EXERCISE INSTRUCTIONS - The copy you give must match the records exactly, except that it holds no images.
*** Opening of GIVEN RECORDS ***
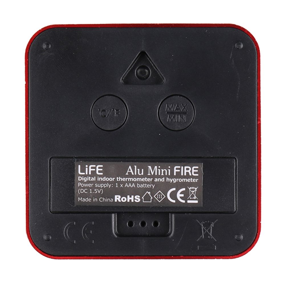 Μετεωρολογικός σταθμός Alu Mini FIRE από την εταιρεία Life, ο οποίος διαθέτει minimal design με πλαίσιο αλουμινίου, με εύρος μετρήσιμης εσωτερικής θερμοκρασίας 0 έως 50 βαθμούς κελσίου καθώς και εσωτερικής υγρασίας 20 -95% RH. Χάρη στην οθόνη LCD με μεγάλα ψηφία μπορείς εύκολα να παρακολουθείς τα επίπεδα θερμοκρασίας & υγρασίας.
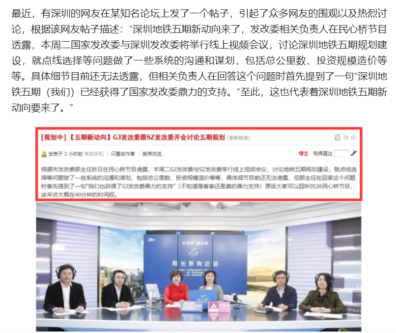 如今,深大城际在深圳多个地点同时开工,深惠城际(深圳段)、穗莞深城际延伸段也都动工了。但深圳城市轨道交通五期的规划,尚未获得批复并公布。每个城市的轨道(地铁)交通建设,都需要国家发改委的审批。深圳城市轨道交通的4期,是2017年7月获得的发改委批复;此后,又在2020年4月做过一次调整,也获得了发改委的批复。如今,四期基本上已经完成,深圳需要上报5期的规划,并获得批准。关于深圳地铁5期的进展,下面这张截屏提供一些信息:也就是说,深圳“城市轨道交通5期”有较大概率在年内获得突破!有三个背景或者条件,对深圳获批一个规模较大的5期,非常有利:*,面对经济下行压力,国家力推大基建,支持有效益的项目上马;
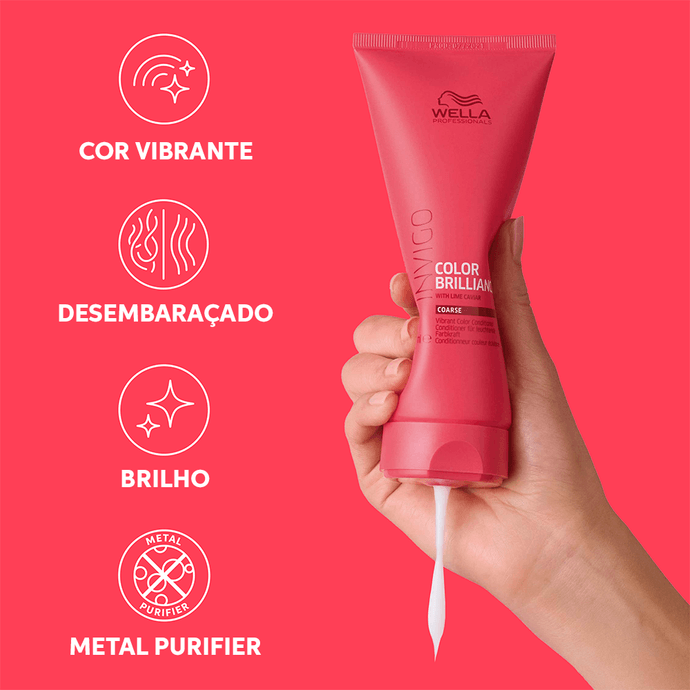 Wella Professionals Invigo Color Brilliance Conditioner possui alta tecnologia e ativos antioxidantes que combatem o desbotamento e protegem da mudança de tom. Ele tem fórmula rica em vitaminas que nutrem o cabelo e melhoram a superfície dos fios. Assim, você sente seu cabelo desembaraçado, macio, com a cor brilhante e preservada.
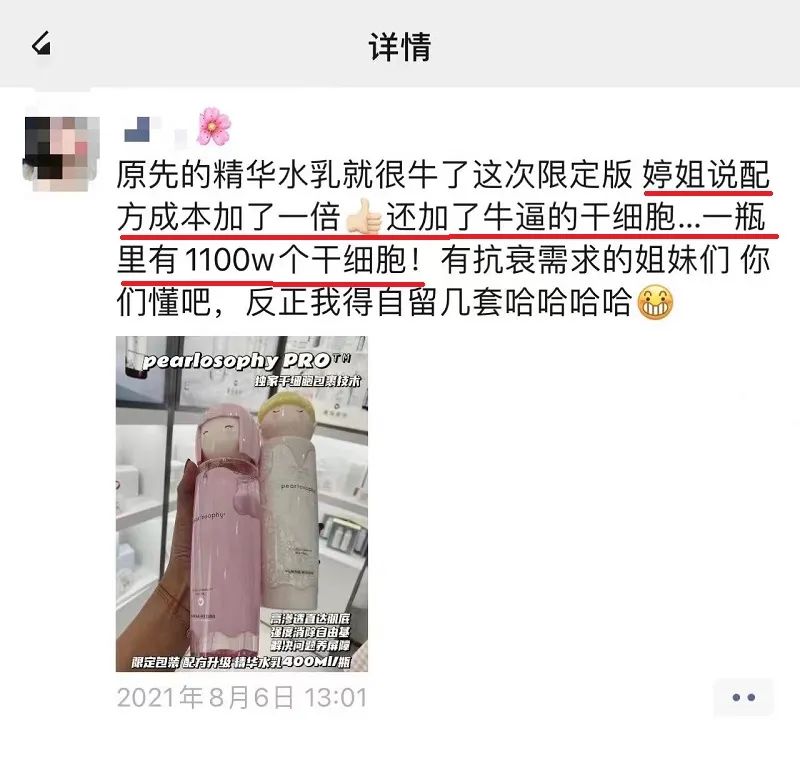 同时,此前还有媒体指出,真珠美学在介绍产品时,宣称拥有“专利原料”,但未注明专利号;还有代理在朋友圈售卖真珠美学精华水乳时,提到“婷姐(即创始人孙玉婷)说配方成本加了1倍,还加了干细胞…一瓶里有1100w个干细胞”。
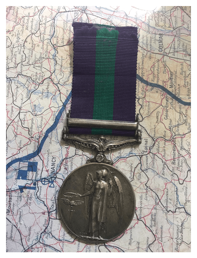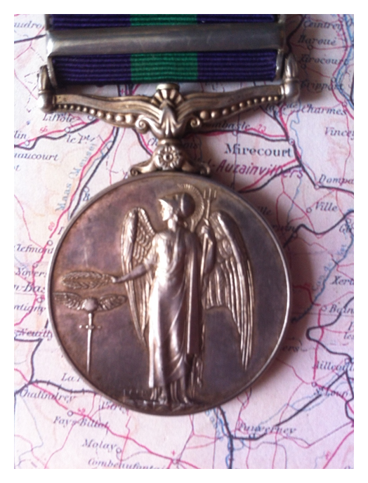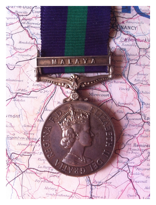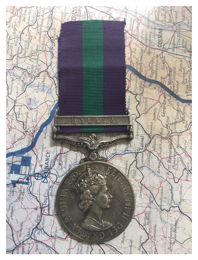 Here’s one that got caught up in the Canada Post strike and took two months to get to me. A lonely little General Service Medal with Malaya Bar impressed to 23334034 Pvt G. Birchall of the RAOC.
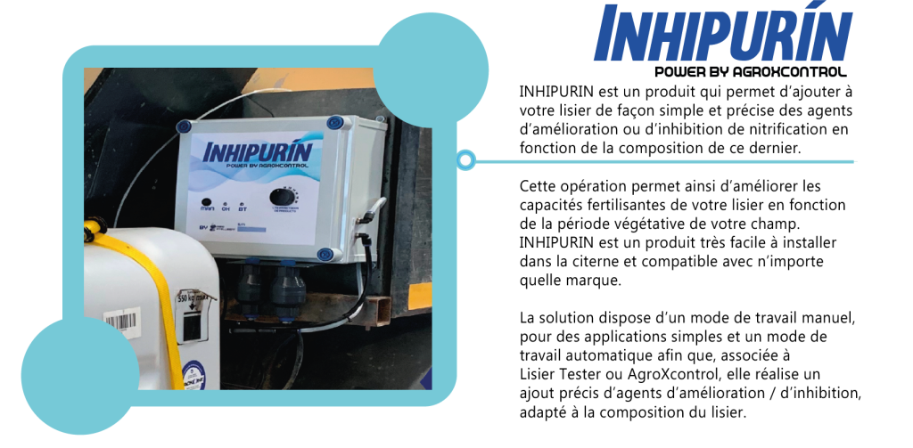 Et si en plus, vous voulez optimiser la capacité fertilisante de votre lisier, vous pouvez aussi associer l’application avec le dispositif ce qui ajoutera pendant le trajet des additifs ou des inhibiteurs de nitrification à votre lisier, vous permettant ainsi de consommer au plus juste ce type de composants et optimiser votre bénéfice.
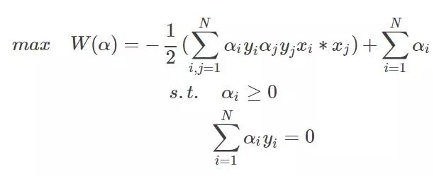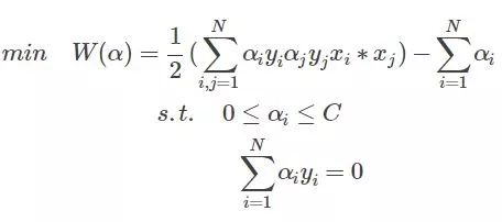 那么求解最最开始的函数的最小值等价到这一步以后就是求解W的最大值了,因为使用了拉格朗日乘子法后,原问题就变为其对偶问题了,最小变成了最大,至于为什么,等到详细研究过对偶问题再来解释吧。不了解的,只需要知道求W的极值即可。整理一下,经过这么一圈的转化,最终的问题为:
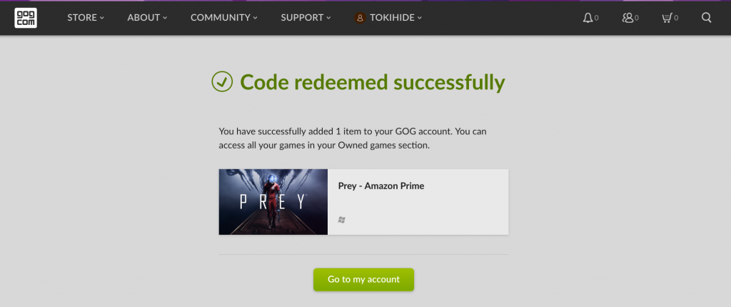 先日も、Amazon Prime のGameにてGOGゲームの無料クーポンが配布されていたので登録方法を書いておきます。最近はいろいろな場所でコードがもらえていい時代ですね
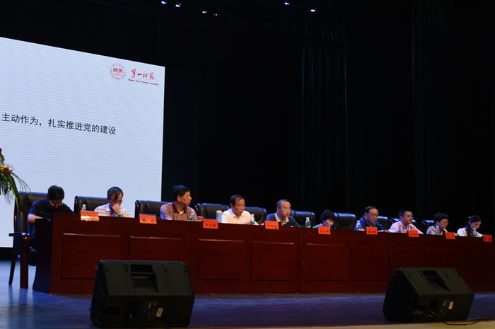 7月1日上午10时,我校在音乐剧场召开党建工作大会,学习贯彻习近平总书记系列重要讲话精神,总结2015年党建工作,安排部署下一阶段工作任务。校党委书记彭小奇作题为“以‘两学一做’为抓手,努力开创我校党建工作新局面”的党建工作报告,党委副书记刘志敏主持会议。全体校领导、在职教职工党员、离退休教职工党员代表、在校学生党员参加了会议。
*** Close of GIVEN RECORDS ***
SOLUTION TO THIS EXERCISE -
 Μετεωρολογικός σταθμός Alu Mini FIRE από την εταιρεία Life, ο οποίος διαθέτει minimal design με πλαίσιο αλουμινίου, με εύρος μετρήσιμης εσωτερικής θερμοκρασίας 0 έως 50 βαθμούς κελσίου καθώς και εσωτερικής υγρασίας 20 -95% RH. Χάρη στην οθόνη LCD με μεγάλα ψηφία μπορείς εύκολα να παρακολουθείς τα επίπεδα θερμοκρασίας & υγρασίας.
 如今,深大城际在深圳多个地点同时开工,深惠城际(深圳段)、穗莞深城际延伸段也都动工了。但深圳城市轨道交通五期的规划,尚未获得批复并公布。每个城市的轨道(地铁)交通建设,都需要国家发改委的审批。深圳城市轨道交通的4期,是2017年7月获得的发改委批复;此后,又在2020年4月做过一次调整,也获得了发改委的批复。如今,四期基本上已经完成,深圳需要上报5期的规划,并获得批准。关于深圳地铁5期的进展,下面这张截屏提供一些信息:也就是说,深圳“城市轨道交通5期”有较大概率在年内获得突破!有三个背景或者条件,对深圳获批一个规模较大的5期,非常有利:*,面对经济下行压力,国家力推大基建,支持有效益的项目上马;
 Wella Professionals Invigo Color Brilliance Conditioner possui alta tecnologia e ativos antioxidantes que combatem o desbotamento e protegem da mudança de tom. Ele tem fórmula rica em vitaminas que nutrem o cabelo e melhoram a superfície dos fios. Assim, você sente seu cabelo desembaraçado, macio, com a cor brilhante e preservada.
 同时,此前还有媒体指出,真珠美学在介绍产品时,宣称拥有“专利原料”,但未注明专利号;还有代理在朋友圈售卖真珠美学精华水乳时,提到“婷姐(即创始人孙玉婷)说配方成本加了1倍,还加了干细胞…一瓶里有1100w个干细胞”。
 Here’s one that got caught up in the Canada Post strike and took two months to get to me. A lonely little General Service Medal with Malaya Bar impressed to 23334034 Pvt G. Birchall of the RAOC.
 Et si en plus, vous voulez optimiser la capacité fertilisante de votre lisier, vous pouvez aussi associer l’application avec le dispositif ce qui ajoutera pendant le trajet des additifs ou des inhibiteurs de nitrification à votre lisier, vous permettant ainsi de consommer au plus juste ce type de composants et optimiser votre bénéfice.
 那么求解最最开始的函数的最小值等价到这一步以后就是求解W的最大值了,因为使用了拉格朗日乘子法后,原问题就变为其对偶问题了,最小变成了最大,至于为什么,等到详细研究过对偶问题再来解释吧。不了解的,只需要知道求W的极值即可。整理一下,经过这么一圈的转化,最终的问题为:
 先日も、Amazon Prime のGameにてGOGゲームの無料クーポンが配布されていたので登録方法を書いておきます。最近はいろいろな場所でコードがもらえていい時代ですね
 7月1日上午10时,我校在音乐剧场召开党建工作大会,学习贯彻习近平总书记系列重要讲话精神,总结2015年党建工作,安排部署下一阶段工作任务。校党委书记彭小奇作题为“以‘两学一做’为抓手,努力开创我校党建工作新局面”的党建工作报告,党委副书记刘志敏主持会议。全体校领导、在职教职工党员、离退休教职工党员代表、在校学生党员参加了会议。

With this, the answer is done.